Его глаза сузились, кисть пошла вниз, целя острием в незащищенный живот.
Я отвел саблю чуть в сторону, прикрываясь, слегка присел.
Он ударил с оттягом, метя в бедро. Сталь скользнула по боку, кожу обожгло. Под кушаком, по поясу, заструилась теплая кровь.
Я удержался на ногах, хотя и покачнулся. За спиной послышался вздох разочарования, спереди – крики радости. И янычары, и гайдуки следили за поединком вождей.
Каракулучи сдвинулся обратно, в центр, мешая целиться стоявшим за моей спиной стрелкам. Сабля его снова пошла вверх.
Я прыгнул вперед, подымая клинок, ловя падающую молнию.
Сталь выдержала. Удар был хорош, но рука еще не утратила силы. Мы оказались лицом к лицу, на расстоянии двух ладоней. Я даже рассмотрел триумф и радость в чужих глазах.

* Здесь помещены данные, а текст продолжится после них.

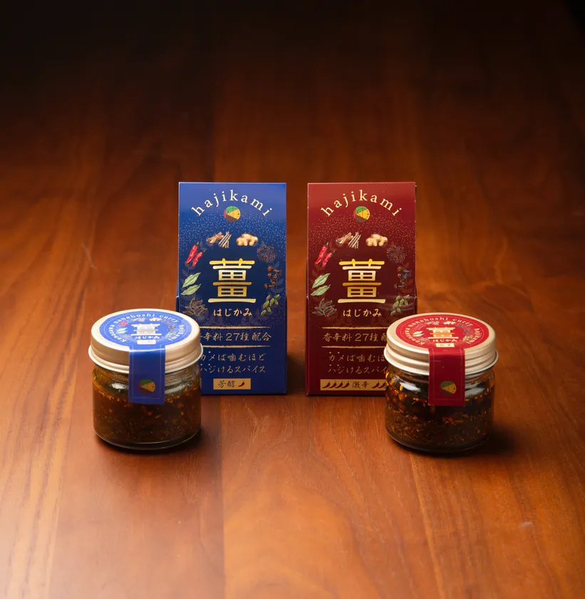 2021年1月に発売を開始した新感覚調味料【薑(はじかみ)】は、カリッとスパイスが弾ける感覚が新しい当店オリジナルのスパイス調味料です。【薑(はじかみ)】は、誰でも食べられる優しい辛さの【芳醇】と、辛い物が大好きな激辛狂をも満足させる【激辛】の2種類をご用意しています。オンラインショップと金沢本店の入ったビルの1階にある、北陸の魅力を集めたギフトショップ「[g]ift(ギフト)」にてご購入いただけます。構想から2年以上をかけ完成した、店主の渾身作【薑(はじかみ)】。新感覚調味料【薑(はじかみ)】をかければ、どんなカレーも専門店で食べるような本格スパイスカレーへと変身します。定期便の初回注文時には、【芳醇】1瓶をもれなくプレゼントしています。

Он довернул кисть, и моя правая рука с саблей отлетела в сторону.
Тургер бил с замаха, наискось. И не довел.
Узкий, тонкий стилет pistolese с забавными усами гарды вошел в правый бок османа, заставив лицо его исказиться гримасой боли и дрогнуть кисть. Уроки старого Мирко пошли впрок.

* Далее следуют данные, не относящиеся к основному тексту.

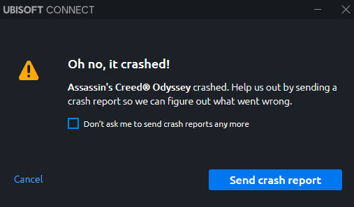 Assassin's Creed Odyssey oyununu satın aldım fakat başlamıyor. Ubisoft crash hatası veriyor.

В глазах каракулучи мелькнул ужас.
Я ткнул гардой сабли в ненавистное лицо турка и смачно рубанул по открывшейся шее. На брусчатку площади хлынула яркая, неестественно яркая кровь. Он рухнул.
Время дрогнуло, следом колыхнулось в груди сердце, разгоняя запоздалый адреналин. Застывшая кругом картинка мигнула и понеслась чехардой безумной схватки.
Османы взвыли, бросаясь к телу. В лицо им грянул слаженный залп. Выживших тут же покрошили саблями.
По всей Площади Гнева защитники бросали оружие и молили о пощаде. По моей ноге текла и текла горячая, липкая кровь.